God decided in advance to adopt us into his own family by bringing us to himself through Jesus Christ. This is what he wanted to do, and it gave him great pleasure.

—EPHESIANS 1:5, NLT

ONE MORNING DURING my devotions I read the words Jesus used to teach His disciples about producing fruit and loving one another. Out of all the wisdom in His instructions, one statement especially stood out:

“You did not choose me but I chose you.”

—JOHN 15:16

Perhaps it was the timing. I had just launched into my own ministry and was feeling very insecure about it. But in this moment Jesus’s words jumped off the page and spoke very personally to me. “I chose you,” I heard Him whisper.

Hearing Jesus assure me with the words I chose you was like a healing salve to my emotions. These three little words suddenly unpacked themselves and gave life to my weary self. They affirmed that although others had rejected me in the past, God chose me from the beginning. They confirmed God’s call on my life, easing my apprehension about whether people would accept me in the ministry. With this I quickly took these words and personalized them into a declaration: “God—chose—me!” The magnitude of the simple but profound truth of being chosen by God was a foundation on which I built confidence for ministry. Today it still gives me the courage to keep on keeping on.

I have come to learn that I am rarely alone in my struggles. As I travel and minister, I repeatedly hear from both men and women of every age with similar uncertainties. Many people are convinced that they are accidents or mistakes and are therefore unwanted, unneeded, or undesired. I know too well how these insecurities affected my life, which is why I believe God has called me to set the record straight.

The Growing Issue of Insecurity

Begin to observe the people in your classroom, in your office, at the store, or in your church. Look at how they walk. Listen to how they talk. You will likely see one of two ways in which most hold themselves: head held low and quiet or flashy and loud. While these seem to be two very different postures, both are often rooted in the same insecurity—fear of rejection. The one who holds her head low does so because she has never had anything authentic to give her identity and confidence. In fact, she has likely experienced intense rejection in the past and is afraid of being rejected again. She therefore doesn’t engage with anyone or anything in life. The one who is boisterous might have the opposite experience. He has become accustomed to people liking him for his abilities or his stuff. He therefore believes he must continue to project a flashy image to remain accepted.

These outward manifestations are the product of a society that has run amok. Sure, people of all generations have faced rejection. Kids have always been cruel to one another. People have always selected friends based on superficial characteristics such as looks or abilities. But the rejection many face today is much deeper than being passed over for a promotion or chosen last for a team. Think about the influences of these modern issues on people in our society:

• Increased divorce rates leave the other spouse feeling unwanted and the children betrayed.
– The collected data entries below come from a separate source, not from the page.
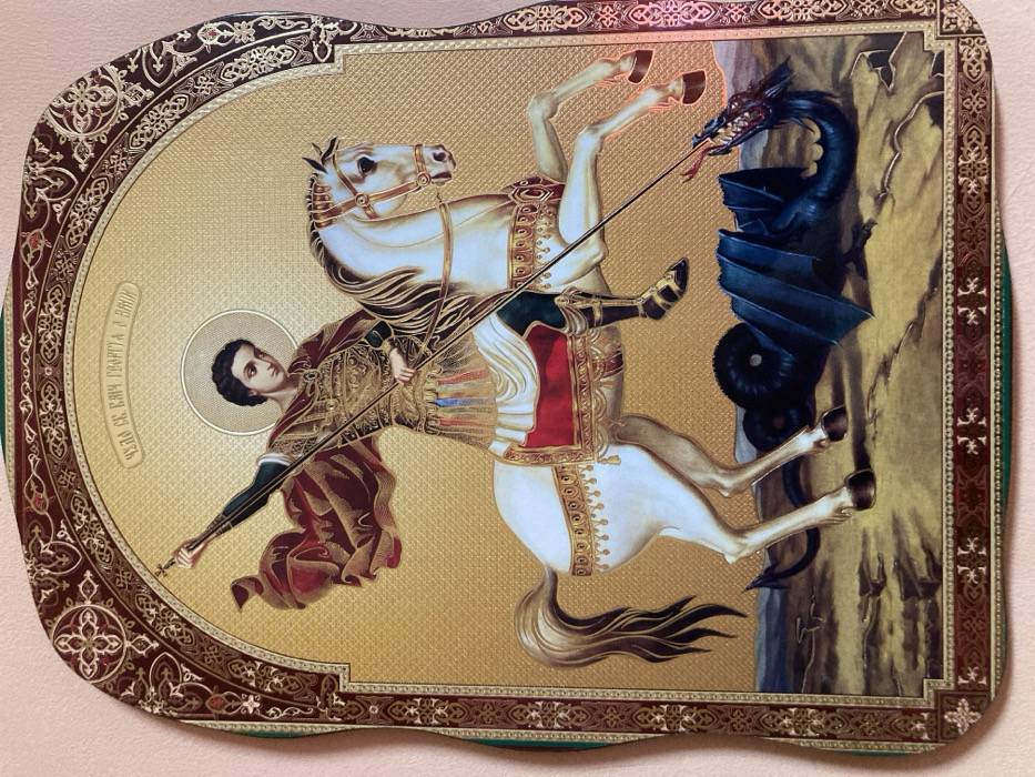 - "The image displays a vertically oriented religious icon, approximately rectangular with an arched top, depicting Saint George slaying the dragon" by FM-ccz603, licensed under CC BY 4.0
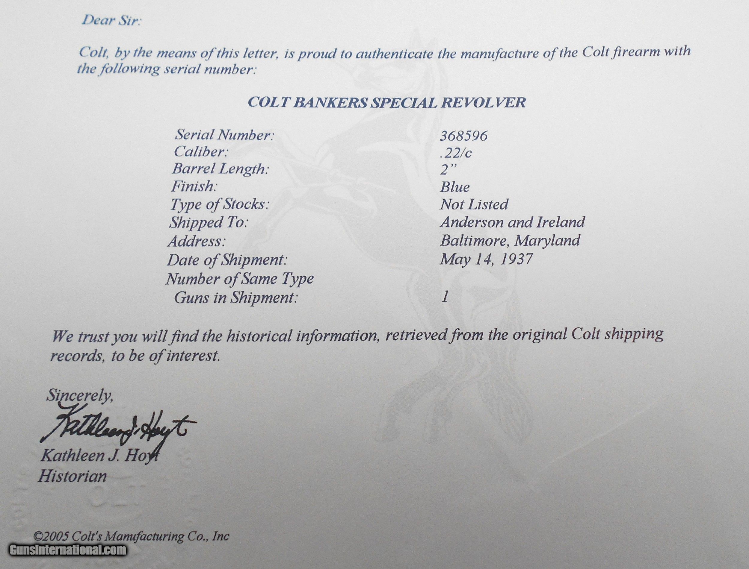 COLT BANKERS SPECIAL 22 CALIBER FACTORY LETTER
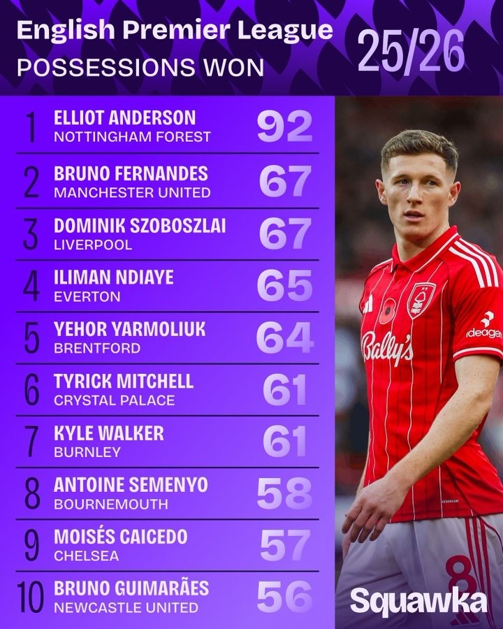 本赛季英超获得球权榜:安德森断崖领跑,B费、索博、凯塞多在列

• Increased births outside of marriage leave children believing they are unplanned and undesired mistakes.

• Modern science intends to show that there is neither a Creator nor a purpose to life; we are all just accidents of evolution.

• Secular culture accepts individuals based on their success, which is defined by a person’s financial situation, career, or the number of social media contacts. If you don’t achieve, you don’t measure up.

Don’t be naive about the unique challenges that pervade our culture. Many of the effects from these issues aren’t simply outgrown. Often they are identity shapers with intense power to skew our beliefs about ourselves. It is therefore increasingly imperative that we look to God’s Word as a solid foundation on which to build godly confidence and a healthy self-image.

Why Would God Choose Me?

I regularly hear people ask, “Why did God create people?” Certainly it is not because God needed us; He is not codependent. His security and well-being are not affected by anything we provide. No, God is self-sufficient, which means that He is complete and lacks nothing.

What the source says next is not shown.